I’ve checked those binaryblobs. They are related to the provisioning process. Contents as follows. Several binary blobs are created and then deleted during vm provisioning. All of them have resource_type, resource_id and name fields empty.
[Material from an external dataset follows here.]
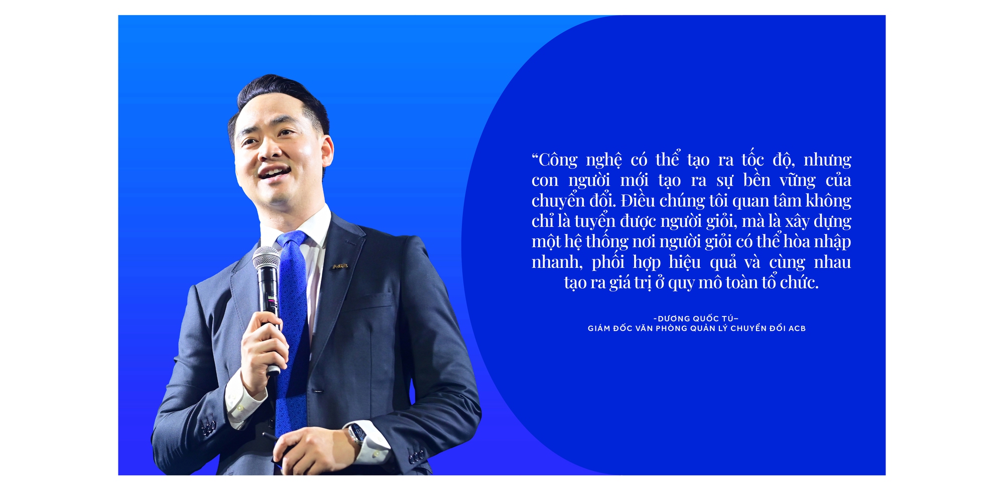 Trong 6 tháng qua, ACB đã huy động khoảng 200 nhân sự cho chương trình chuyển đổi, đồng thời thu hút các chuyên gia cao cấp từ trong và ngoài nước, triển khai các chương trình đào tạo lãnh đạo và xây dựng cơ chế phối hợp liên phòng ban. Mục tiêu không chỉ là có người giỏi, mà là xây dựng một tổ chức nơi con người có thể phối hợp hiệu quả và tạo ra giá trị ở quy mô lớn. Ở góc độ này, con người không chỉ là nguồn lực, mà là yếu tố quyết định khả năng hiện thực hóa chiến lược.

irb(main):006:0> BinaryBlob.find(1000000036489).binary
=> "---\nvm_provisioning_telemetry_on_entry_CustomizeRequest: 2021-03-15 19:29:28.508798733\n  +03:00\nansible_stats_vm_template_platform: linux\nansible_stats_dns_domain: XXXXXXXXXXXX\nmiq_project_name: XXXXXXXXXX\nansible_stats_miq_project_name: XXXXXXXXXX\npshost: XXXXXXXXXXXXXXXXXX\nansible_stats_pshost: XXXXXXXXXXXXXXXXX\nvm_provisioning_telemetry_on_exit_CustomizeRequest: 2021-03-15 19:29:31.100215258\n  +03:00\nvm_provisioning_telemetry_on_entry_Placement: 2021-03-15 19:29:31.673014976 +03:00\nvm_provisioning_telemetry_on_exit_Placement: 2021-03-15 19:29:36.257719746 +03:00\nvm_provisioning_telemetry_on_entry_PreProvision: 2021-03-15 19:29:36.738058716 +03:00\nvm_provisioning_telemetry_on_exit_PreProvision: 2021-03-15 19:29:37.849041524 +03:00\nvm_provisioning_telemetry_on_entry_AquireIPAddress: 2021-03-15 19:29:38.312186879\n  +03:00\naddr_mode:\n- static\n- Static\nip_addr: 10.XX.XX.XX\nsubnet_mask: 255.255.255.0\ngateway: 10.XX.XX.XX\ndns_servers: 10.XX.XX.XX,10.XX.XX.XX,10.XX.XX.XX,10.XX.XX.XX,10.XX.XX.XX\ndns_domain: XXXXXXXXXXXXX\ndns_suffixes: XXXXXXXXXXXXXX\nlinux_domain_name: XXXXXXXXXXXXXXXXXX\nansible_stats_vm_target_name: XXXXXXXXXXXXXXX\nansible_stats_ip_addr: 10.XX.XX.XX\nvm_provisioning_telemetry_on_exit_AquireIPAddress: 2021-03-15 19:29:47.261975896 +03:00\nvm_provisioning_telemetry_on_entry_AddDNSRecord: 2021-03-15 19:29:47.728566896 +03:00\nvm_provisioning_telemetry_on_exit_AddDNSRecord: 2021-03-15 19:31:35.426705327 +03:00\nvm_provisioning_telemetry_on_entry_vCenterFolders: 2021-03-15 19:31:35.902954069 +03:00\nvm_provisioning_telemetry_on_exit_vCenterFolders: 2021-03-15 19:31:36.917791189 +03:00\nvm_provisioning_telemetry_on_entry_JoinDomain: 2021-03-15 19:31:37.381523922 +03:00\nautomate_workspace_guid: e5914ada-7ec1-4157-8c34-98a87157c6e1\nJoinDomain_ansible_method_task_id: 1000000014520\n"

Those empty records are created and deleted automatically during VM provisioning process. The problem occurs when BinaryBlob purging starts during provisioning.